Публика в недоумении задвигалась. Раздались голоса:
- Заливает!
- Заболтался! Видно, сам мало получает, вот и завидно стало.
- ...я говорю и, значит, повторяю. Старый рабочий; у него, понимашь,
семья в пять-шесть человек, не на что даже ребятам ботинки купить. Получает
же столько, сколько молодой, одинокий. А этот вон на что денежки тратит,-
на атласные одеяла да вон на энти туфельки лаковые.
Старый рабочий в грязной блузе, в какой был на работе, вскочил с места
и заговорил взволнованно:
- Правильно, товарищ Ведерников! Больно много молодые получают,
нельзя терпеть такого безобразия. Сокращать их надо в норму. Жарь, Афонька!
Правильно!
Но другие возмутились и зароптали. Неслись выкрики:
- Об других легко говорить!
- Сам себе свое жалованье сократи!
- Сколько сам получаешь, ну-ка, скажи!
Ведерников, строго сдвинув брови, спокойно переждал шум.
- Сокращать вовсе незачем, но я совсем не к тому,- сказал он.- А
вот я к чему, вот какая мне, так сказать, мысль пришла в голову.

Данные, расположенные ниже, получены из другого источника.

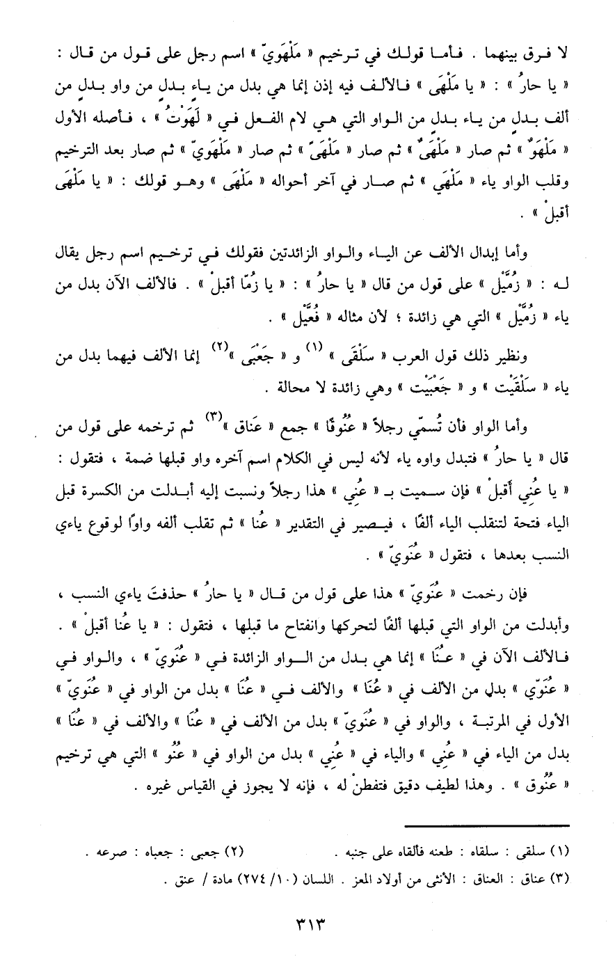 وأما الواو فأن تسمي رجلا "عنوقا" جمع "عناق"3 ثم ترخمه على قول من قال "يا حار" فتبدل واوه ياء لأنه ليس في الكلام اسم آخره واو قبلها ضمة، فتقول: "ياعني أقبل" فإن سميت ب "عني" هذا رجلا ونسبت إليه أبدلت من الكسرة قبل الياء فتحة لتنقلب الياء ألفا، فيصير في التقدير "عنا" ثم تقلب ألفه واوا لنوع لوقوع ياءي النسب بعدها، فتقول "عنوي".
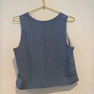 Tullea set with vest and trouser in baby blue. Can be dressed up for work with a pair of heels or dress down with a pair of white sneaker. Totally effortless and chic.
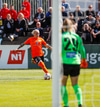 Guðmunda vill fá víti þegar hún nær skalla á markið!
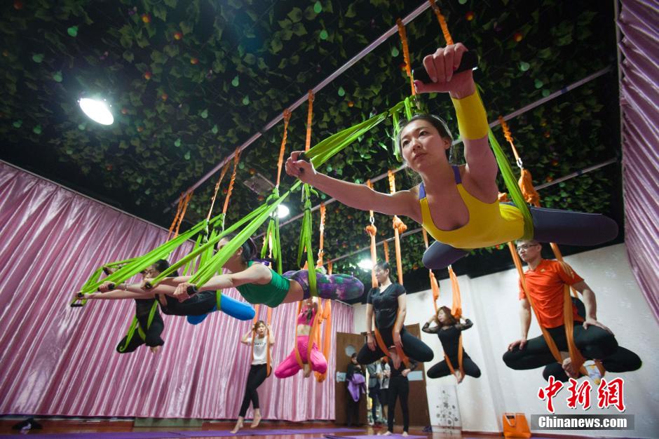 In this photo taken on April 14, 2015, several yoga fans practice "yoga in the air". Recently, "air yoga" or "anti-gravity yoga" has become popular in Taiyuan, capital city of north China's Shanxi province. People perform yoga poses in a trapeze that is suspended from the ceiling. (CNS/Zhang Yun)
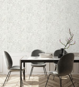 Papel pintado botánico con grandes hojas de estilo étnico colores negro y blanco -
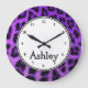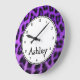 Custom Round Purple Cheetah Large Clock
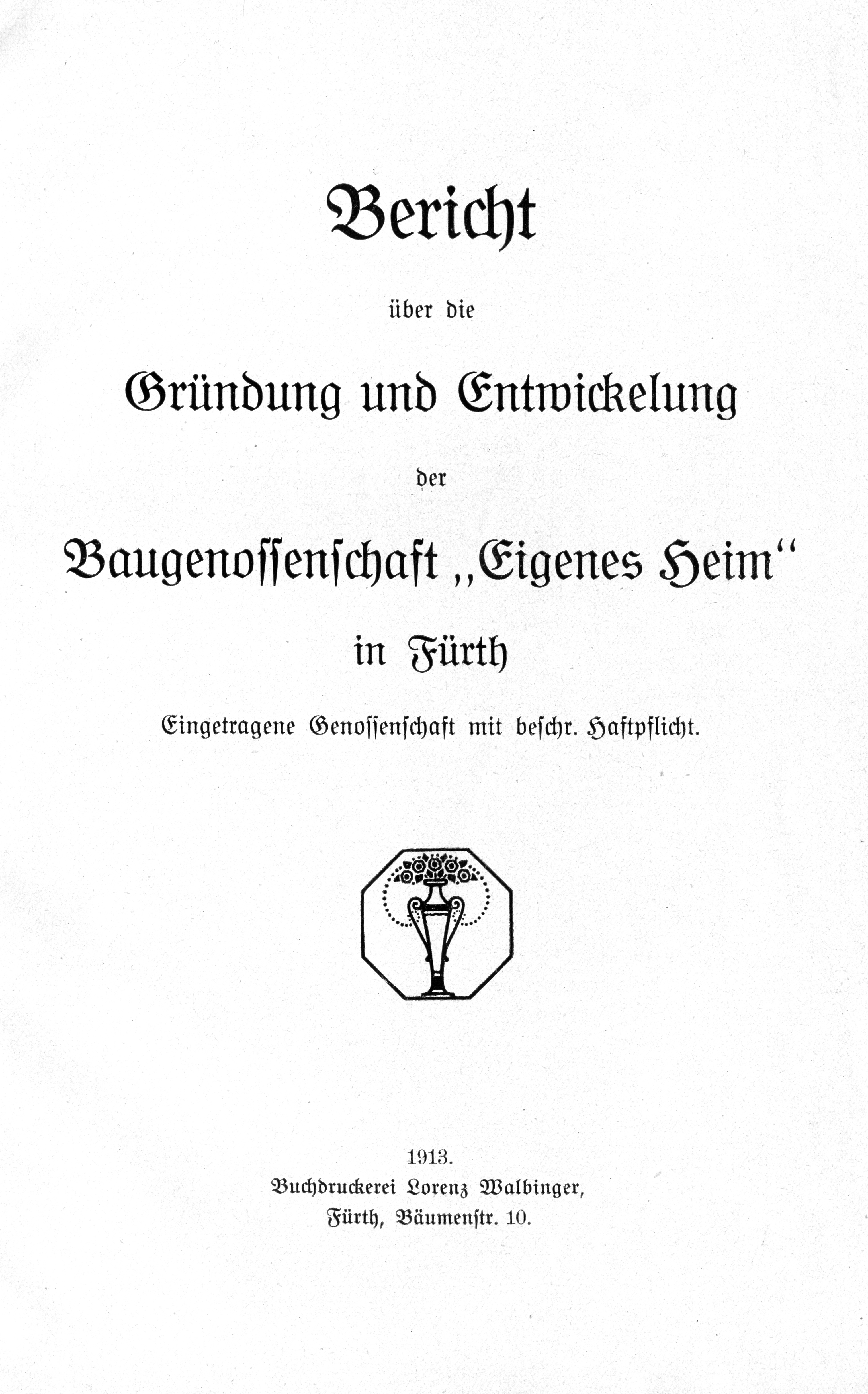 | Beschreibung | Innenseite, Bericht über Gründung und Entwicklung der Baugenossenschaft "Eigenes Heim", 1913 | ||
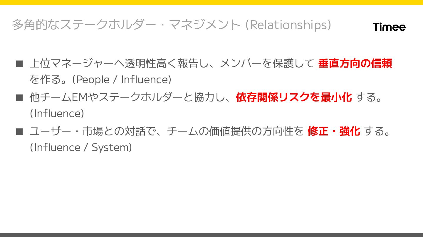 トップマネジメントが求めるのは、単なるチーム運営ではなく、組織全体への戦略的貢献です。Intermediate EM と VP クラスでは、影響範囲、意思決定の質、そして組織への影響力において決定的な差があります。
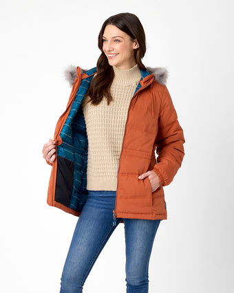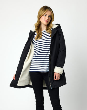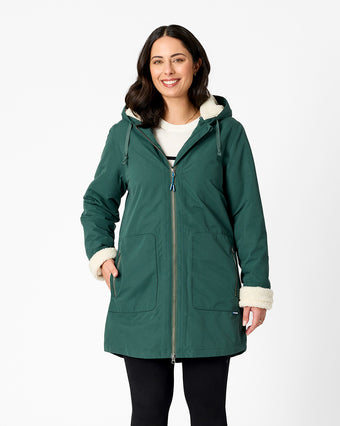 Flattering silhouette, ultra warm sherpa fleece lining, longer length and a waterproof shell for all weather protection.
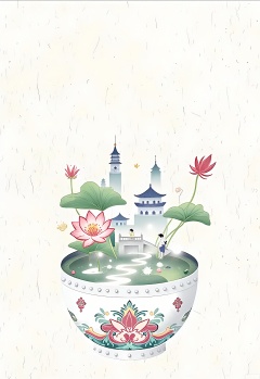 A whimsical, surreal illustration of a Chinese porcelain vase, decorated with intricate, colorful lotus patterns in shades of white, pink, and green. Inside the vase, there's a miniature Chinese garden with a small bridge, a koi pond, and a figure sitting on a bench. In the background, stylized mist - covered mountains and traditional Chinese towers rise, evoking a serene, dreamlike landscape. The image is soft and delicate, with a pastel color palette and a dreamy, ethereal quality.
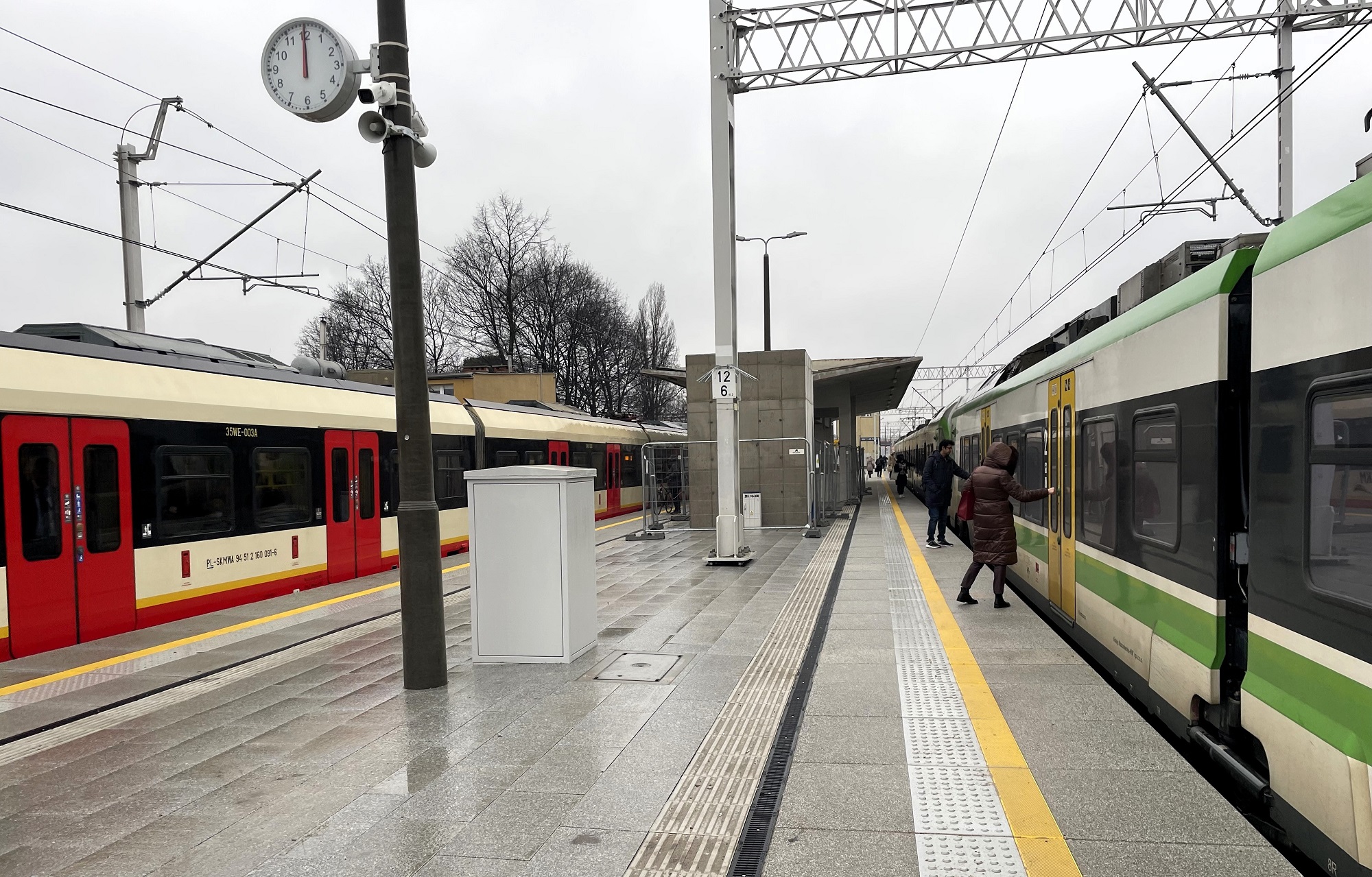 PLK-2023-02-21-Blizej-lepszych-podrozy-na-linii-otwockiej-Pasazerowie-na-peronie-przystanku-Warszawa-Wawer-widac-2-pociagi-fot.jpg
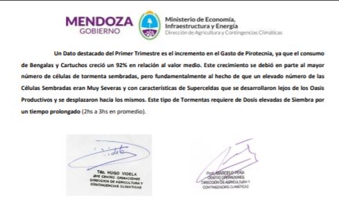 “Preocupa la escasez y calidad de bengalas y cartuchos que – en lo que va de la actual temporada – no pudieron enfrentar con éxito ninguna tormenta. Queremos que la provincia explique lo que verdaderamente está pasando. Valoramos el trabajo de los pilotos de la Lucha Antigranizo, pero acá hay algo que no está funcionando”, dijo Mauricio Sat.
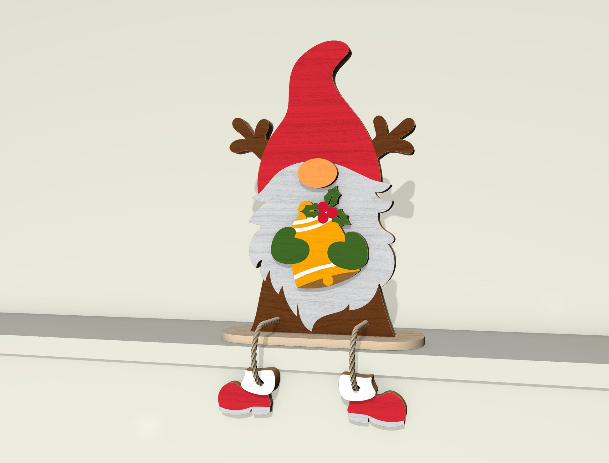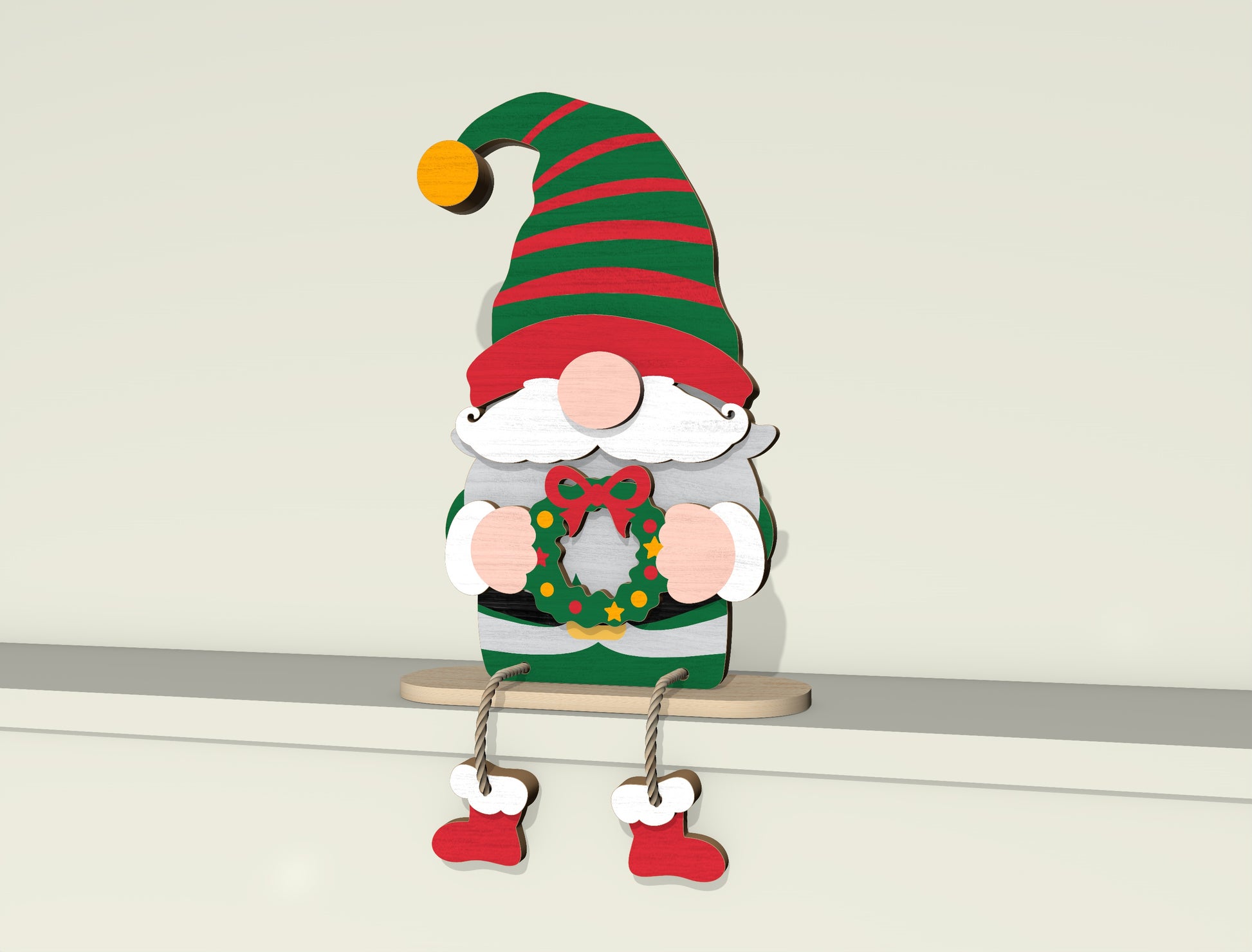 Create fun and festive Christmas shelf decor with this gnome shelf sitter laser cut file set. Featuring multiple gnome designs with dangling legs, perfect for shelves, mantels, tiered trays, and DIY holiday displays.
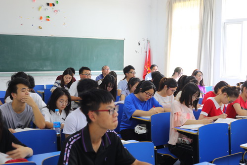 6月6日下午,校党委书记赵伟在教务处负责人的陪同下在竞秀楼随堂听课。
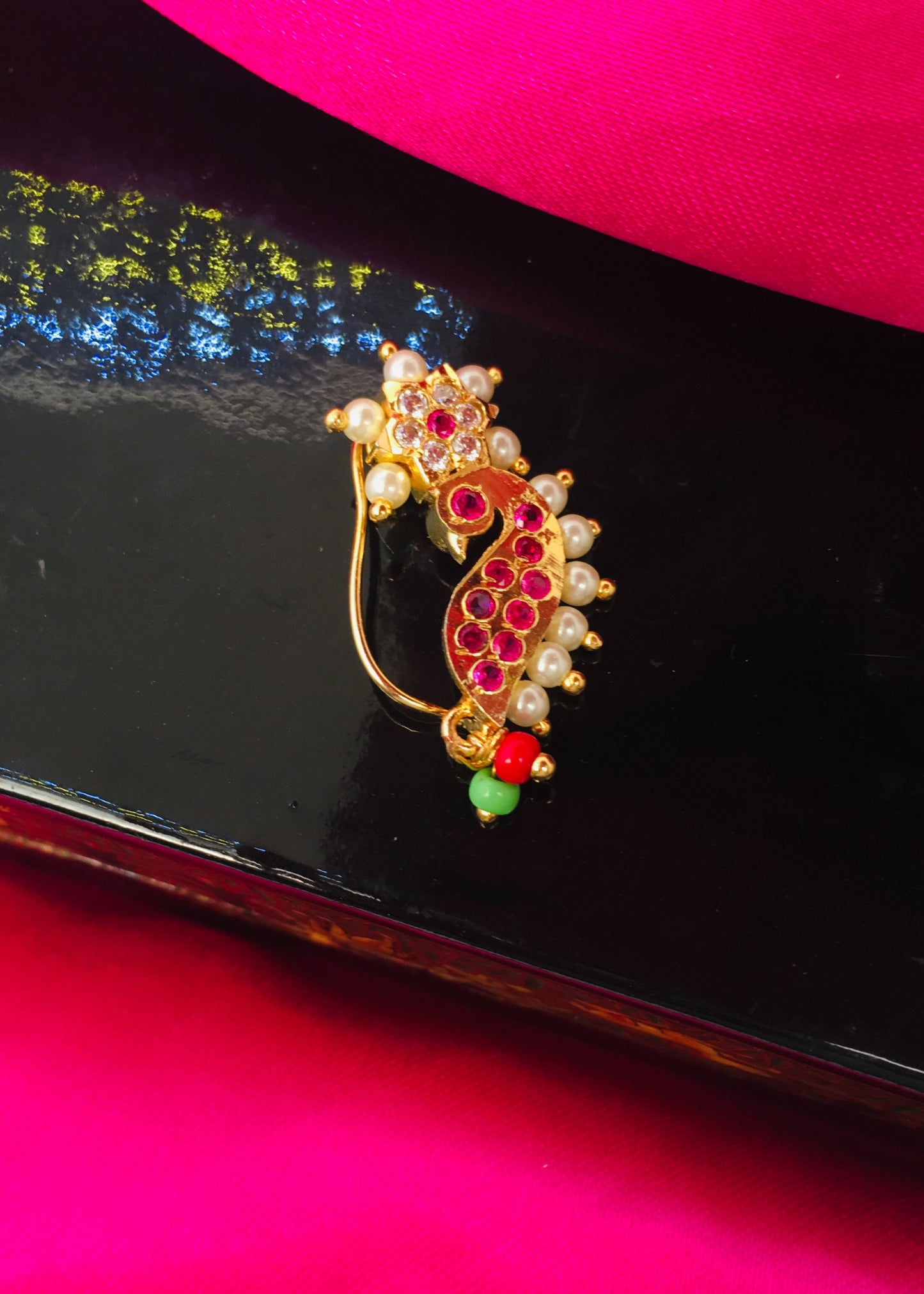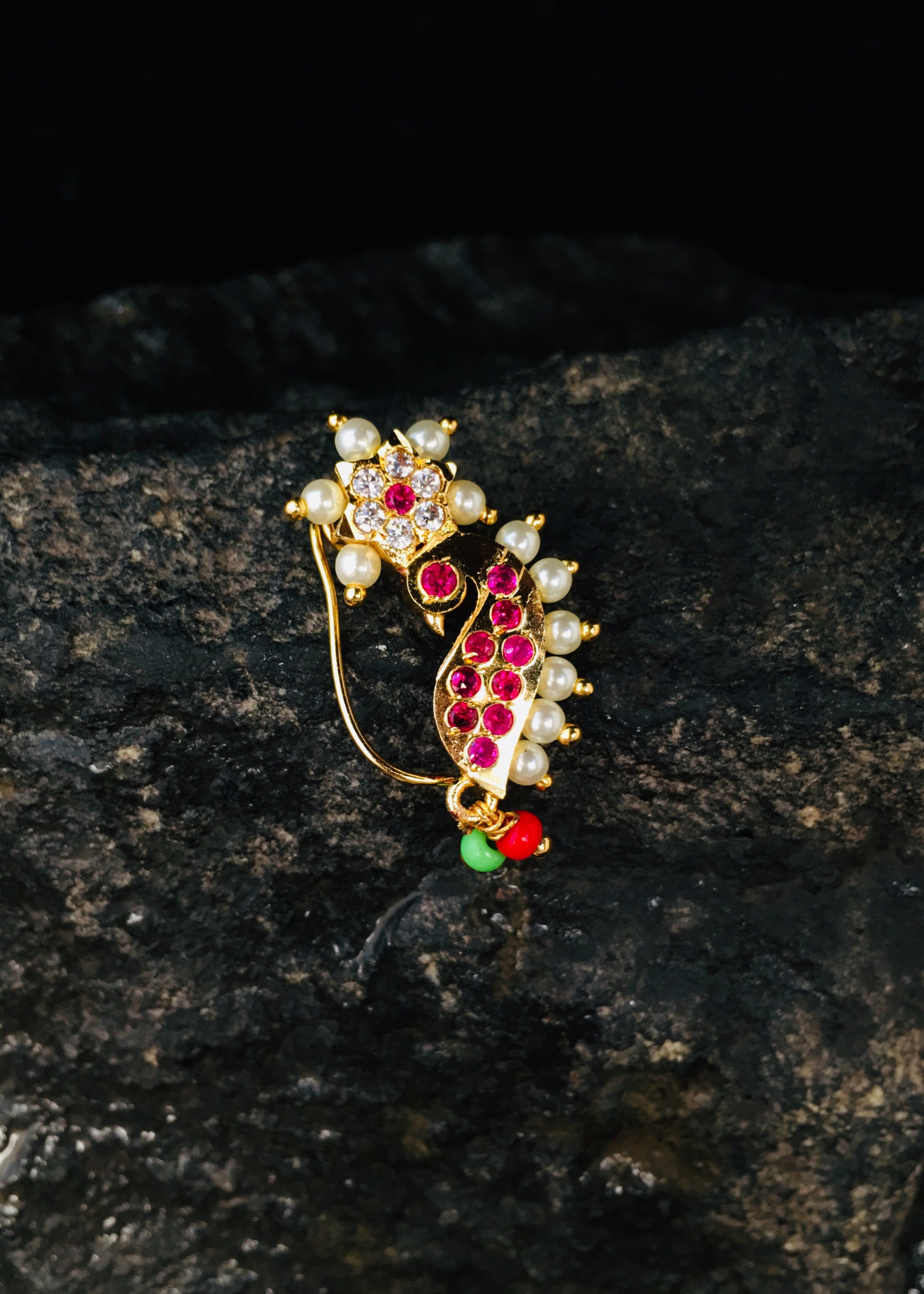 Flower with Peacock inspired wonderful Nath From Sonchafa Jewellery for stylish women like you. It is styled with studded sparkling white, pink stone and made from golden finish metal. This nath have pearls beads droplets for more classy look.

Мы,
понимашь, все - рабочие, товарищи друг другу, работаем на одном заводе, на
одном деле. А выходит,- одни,- как нищие, а другие (он указал на
Царапкина) - в туфельках. Правильная ли это сортировка? Нет, неправильная.
Ведь мы - коммунисты. "Коммун" по-латыни значит "общий". Вот бы и нужно,
чтобы весь заработок всех рабочих на всех шел, не делить на каждого. А
кому, понимашь, сколько надобно на дело, тому столько и выдавать. Чтобы
всем ребятам ботинки были, а чтоб у Царапкина зеркального, значит, шкафа не
было.
Лелька в восхищении крикнула:
- Ой, ч-черт! Здорово!
Ей очень понравилось это предложение. И вся комсомолия всколыхнулась.
В то время идея подобных производственных коммун была еще внове, в газетах
об ней не писали, и она в тот вечер самостоятельно зачалась в голове
Афанасия Ведерникова.
Заговорили за и против, заволновались. Председатель спохватился и
сказал:
- Товарищи! Этот вопрос очень важный, надобно заострить его по всей
норме. Но только сейчас мы больно далеко заедем с этим в сторону. Давайте
поворотимся к делу... Никто больше не может сказать о деле?
Судья, сидевший направо от председателя, сказал:
- У меня вопрос. Кто ваши родители? Царапкин ответил:
- Отец умер, до самой смерти работал в трубном отделении. Мать
галошница.
Из публики сомнительно спросили:
- А не из чиновников ли? Председатель обратился к обвиняемому:
- Ну, Царапкин, твое теперь слово. Фигурируй как можешь! Царапкин
встал, откашлялся и торжественно сказал:
- Сознаю свою вину и говорю это открыто, по-большевистски. Признаюсь,
что нарочно замедлял работу при наблюдении хронометражистки. Я понял свою
ошибку и даю слово честного комсомольца раз навсегда исправиться! И если
мне будет осуждение, признаю, что я его заслужил.
Председатель удовлетворенно сказал:
- Вот этак-то сейчас у тебя лучше выходит... Ну что ж, можно теперь и
это дело кончать.
Опять судьи наклонились друг к другу и зашептались. Встал председатель
и прочел приговор: за несознательное отношение к производству и за попытку
ввести в заблуждение хронометраж объявляется ему общественное порицание с
опубликованием в местной заводской газете.
* * *
Суд кончился. Судьи ушли, также и взрослая публика. Но девчата и парни
долго еще волновались и спорили. Царапкин в кучке девчат яро доказывал свою
правоту: всякий рабочий имеет право на культурную жизнь; это позор и
насилие - не позволять рабочему-пролетарию жить в советской стране так,
как уже давно живут пролетарии даже в капиталистических странах - в
Западной Европе и Америке. Если рабочий весь свой заработок пропивает,
валяется под забором в грязи, то он - наш, свой! А если он вместо этого
покупает шкаф с хорошим зеркалом или мягкую кровать, то он - буржуй,
изменник рабочему делу!
Девчата возражали, но скоро все от него отошли, сказав:
- Нет, Васька, все-таки тебя нужно исключить из комсомола. Буржуйчик
ты. Пижончик называешься, жоржик!
Большая толпа была вокруг Ведерникова и Гриши Камышова. Спорили о
брошенной Ведерниковым мысли насчет общего заработка. Камышов ему возражал:
несвоевременно. Лелька с одушевлением защищала идею Ведерникова.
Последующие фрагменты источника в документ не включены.